Но мне кажется, я живу в европейской стране, у которой больше всего недостатков. Настоящий художник должен быть очень и очень скромным. Не бывает живых великих людей — чтобы тебя признали, нужно быть очень старым, а чтобы стать знаменитым, нужно умереть. Последнюю выставку я делал в Монако, в Монте-Карло — принц Альбер захотел представить 14 моих монументальных скульптур по всему саду. А как раз перед тем, как уехать с Корсики, у меня в музее была ярмарка, которую за три дня посетили, наверное, все жители острова. Я думаю, культура должна приходить ко всем и принадлежать всем. Не каждый может купить скульптуру, но каждый должен иметь возможность на нее посмотреть.
— Ваш музей является побратимом Музея янтаря в Калининграде.

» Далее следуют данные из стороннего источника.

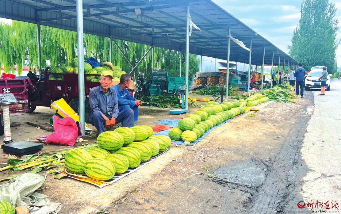 市场有回响,品质过硬销路旺。在村里的瓜果交易市场,75岁的邬培林摊位前,一排排个头饱满的西瓜格外显眼。有着多年种植经验的他对市场行情了如指掌:“西瓜上市半个多月了,刚开始卖两元一斤,现在是6角一斤,正在陆续降价。”虽然价格随上市时间有所回落,但西瓜品质好不愁销路。
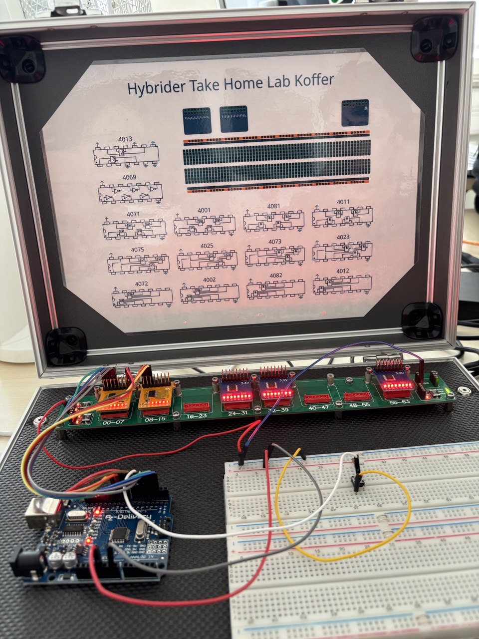 Саме тому наприкінці лютого представники кафедри програмних засобів Запорізької політехніки на запрошення професора Карстена Хенке відвідали ТУ Ільменау, де дослідили нову архітектуру CrossLab лабораторії GOLDi 2.0 та особливості її використання для підтримки компетентнісного викладання й навчання студентів комп’ютерних спеціальностей. Під час візиту студент групи КНТ–212 Ілля Пархоменко реалізував проєкт віддаленого керування експериментами GOLDi 2.0 з використанням програмно-апаратного забезпечення кейсу Hybrid Take-Home-Lab. Цей кейс надає студентам інтерфейсний блок, який вони можуть використовувати для зручного підключення модулів (Arduino, Raspberry Pi, FPGA або набори для експериментів з цифровою логікою) для віддаленого керування фізичним обладнанням GOLDi, створюючи гібридну домашню лабораторію.

Расскажите, пожалуйста, в чем состоит ваше сотрудничество?
— Во-первых, это первый факт побратимости музеев, такого раньше не было никогда и нигде. Музей янтаря на выставке в Китае представил 40 работ, на выставке в Лувре – 60, а в моем музее они смогли показать уже 200 произведений. И эта экспозиция была нам очень хорошим подарком. Когда машина с музейными ценностями перемещалась обратно, она везла в Калининград и мои произведения — девять больших картин, 28 скульптур. То есть, сделали такой обмен выставками. В этом и заключается побратимость. У вас в регионе будет конкурс резчиков по янтарю — и четверых победителей Музей янтаря привезет на Корсику. Они будут работать на публике и показывать прямо на месте, что представляет собой обработка янтаря.
— А вы сами любите янтарь?
— Да, люблю. Кулон из янтаря ношу постоянно, вот смотрите (смеется). Если я полюблю женщину, подарю ей этот кулон.
— Вы создаете и живописные, и скульптурные работы. Как бы вы себя охарактеризовали в первую очередь — скульптором или живописцем?
— В первую очередь, конечно, я скульптор. Начинал, как все, с рисунка, акварели – с плоскости. Но если ты можешь дотронуться до материала, ощутить его, если есть момент тактильности – это совсем другое. Когда я прихожу в музеи, непременно хочу все потрогать, но, к сожалению, это запрещено.
Однажды случился анекдот. Я был во Флоренции, в одном из музеев, там лестница и пять разных монументальных скульптур. И безумно захотелось потрогать руку одной из статуй – ну, прямо умираю, как хочу прикоснуться. Дождался, пока охранник ушел, и пощупал эту руку. Но охранник чуть погодя подошел и сказал: «Я знаю, что вы хотите потрогать скульптуры, но вы не имеете права, нельзя». Я ему объяснил, что все понимаю, но ничего не могу с собой поделать, я же скульптор, не могу устоять. На что охранник ответил: «Ах, вы скульптор! Ну, тогда, конечно, трогайте!» И отвернулся, сделав вид, что ничего не замечает. Итальянец! (смеется) Это, кстати, типичная особенность итальянцев: они будут кричать, махать руками, но потом все равно пойдут навстречу. А во Франции охранники не такие колоритные.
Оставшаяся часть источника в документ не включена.